Dim. Operator Units Multiplies to
L 52800
W X 660 34,848,000 sq/ft
H X 50 1,742,400,000 cu/ft
Gal/CuFt X 7.48 13,033,152,000 gallons
Days / 28 465,469,714 Gal/Day
/ 42 11,082,612 BBL/Day
Originally posted by IgnoranceIsntBlisss
ScienceDaily (Jan. 27, 2000) — Twice an Exxon Valdez spill worth of oil seeps into the Gulf of Mexico every year, according to a new study that will be presented January 27 at the Ocean Sciences Meeting in San Antonio, Texas.
But the oil isn't destroying habitats or wiping out ocean life. The ooze is a natural phenomena that's been going on for many thousands of years, according to Roger Mitchell, Vice President of Program Development at the Earth Satellite Corporation (EarthSat) in Rockville Md. "The wildlife have adapted and evolved and have no problem dealing with the oil," he said. www.sciencedaily.com...
MDA's Geospatial Services provides Earth observation data, information products and services from aerial platforms and the majority of commercially available radar and optical satellites. These products and services are used globally for resource mapping, environmental monitoring, offshore oil and gas exploration..
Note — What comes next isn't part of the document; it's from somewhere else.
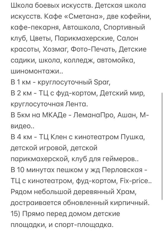 есть проверенный риэлтор из инком. через него буду все оформлять. сделка в офисе инком поэтому и покупателю безопасно будет.. и бесплатно..идеальная квартира1 расположение вдали от суматохи города, но при этом 3 минуты пешком до конечной автобусов по выделенной линии экспресс 903 по обычной цене ходит каждые 5 минут 15 минут ростокино метро, мцк, мцд, и огромный тц европолис с кинотеатром, игровыми и тд. 20 минут вднх.30 минут проспект мира, конечная. это быстрее, чем жить рядом с большинством метро..туда и обратно сидя всегда ехали, на конечных садясь. 7 минут пешком до жд станции лось. и 22 минуты на электричке ходят каждые 7 минут до ярославского вокзала, где сразу с перрона вход в м.комсомольская. то есть 29 минут от квартиры.. тут же площадь 3х вокзалов..у станции лось также конечная автобусов..2 в 1 км парк лосиный остров, в другую сторону в 1 км облагороженный джамгаровский парк с огромным прудом, большим и настольным теннисом, баскетболом, волейболом, скейтпарком, клетка для единоборств.. там же открылись московские сезоны.в 1 км открывается осталась только внутренняя отделка современный центр фитнес, бассейн, единоборства, сауна, игровая, .. рядом со станцией лось и сейчас есть фитнес..3 на машине ярославское шоссе рядом, на мкад выезд быстрый. если на такси по выделенной линии до центра быстро. 4 3 этаж квартиры не нужно ждать лифта внизу, сверху.. время в лифте.. 5 окна выходят не во двор, а в сторону, где нет впритык домов окна к окнам, и под окнами за домом машины и люди раз в час появляются. солнце после 12 заходит за дом в жару не жарко, при этом всегда светло перед окнами простор.6 квартира без дверей на кухню и в комнату, и более того расширены проёмы до потолка и стен согласованы для 1комнатной огромное значение.7 стяжка пола, ламинат, выровнены стены, ванна и раковина в прекрасном состоянии вся ванная супер, и в целом дизайнерский ремонт квартиры. окна не поддувают, большой теплый полотенцесушитель. потолок только нужно покрасить, облупляться стал я начал подготовку. но учитывая что единое пространство квартиры и двигать ничего не нужно, то совсем не проблема, большим укрывным материалом все закрыть перед работой, и все.8 все что в квартире кроме телевизора остается кухня икеа нижний ярус с доводчиками, новая столешница, варочная панель и духовой шкаф electrolux, стиральная машина lg, тихий холодильник liebherr, зеркальный шкафкупе плавный ход створок очень вместительный, кровать hoff с подьемным механизмом огромный ящик внутри, белый раскладной диван, .., турник..9 в квартире жили спокойные позитивные люди я с женой, потом и с дочкой сейчас дочке 5 лет уже, поэтому переезжаем. также покупателю приятнее въезжать в квартиру, где жили аккуратные, чистолюбивые люди.продолжение описания последние 3 фото так как максимум тут возможно 3000 букв
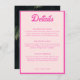 Comparte los detalles de tu evento con estilo con estas tarjetas de detalles de Bat Mitzvah tropicales rosa neon. El diseño presenta hojas de palma verdes y texto personalizado rosa para compartir los detalles de tu evento. Ingresa a la Herramienta de Diseño de Zazzle para hacer ajustes adicionales al texto.

Originally posted by insideNSA
i hadn't seen anyone claim this was an extinction level event. i think if you took a debate class, that would really help you. ...as I said, no one thinks this is an extinction level event, where are you getting that from? one or two people on this board? in the news? where?
Either BP & gov’t are underplaying the hell out of this hoping to avoid wholesale panic around the Gulf Coast states (can’t blame ‘em…) OR this ‘oil volcano’ continues to be an extinction level event in the works. LINK
Is the Gulf of Mexico Oil Spill An Extinction Level Event?
The words "Extinction Level Event" have been used in recent articles to describe what we are facing. To scientists that means a whole lot. To the rest of us it is just a bunch of pretty words. Cue the part in the movie where the entire crazy disaster is broken down using a familiar metaphor that even the dumbest of the population can understand.
thesop.org...
The question remains: How much more damage can our planet handle from Man's arrogant pollution? At what point does all the chemical contamination, fertilizer runoff, carbon emissions and runaway oil pollution of the ocean add up to a global extinction event?
We're playing a global game of Russian Roulette right now with the future of human civilization... and the oil companies just can't stop pulling the trigger.
www.naturalnews.com...
i know you live in Florida, heck I was planning on taking a trip down to the florida keys next month, but I changed my plans and I"m going to Las Vegas instead JUST IN CASE the oil makes it way over to Florida. i think maybe you are a bit worried and WANT to believe everything will be ok.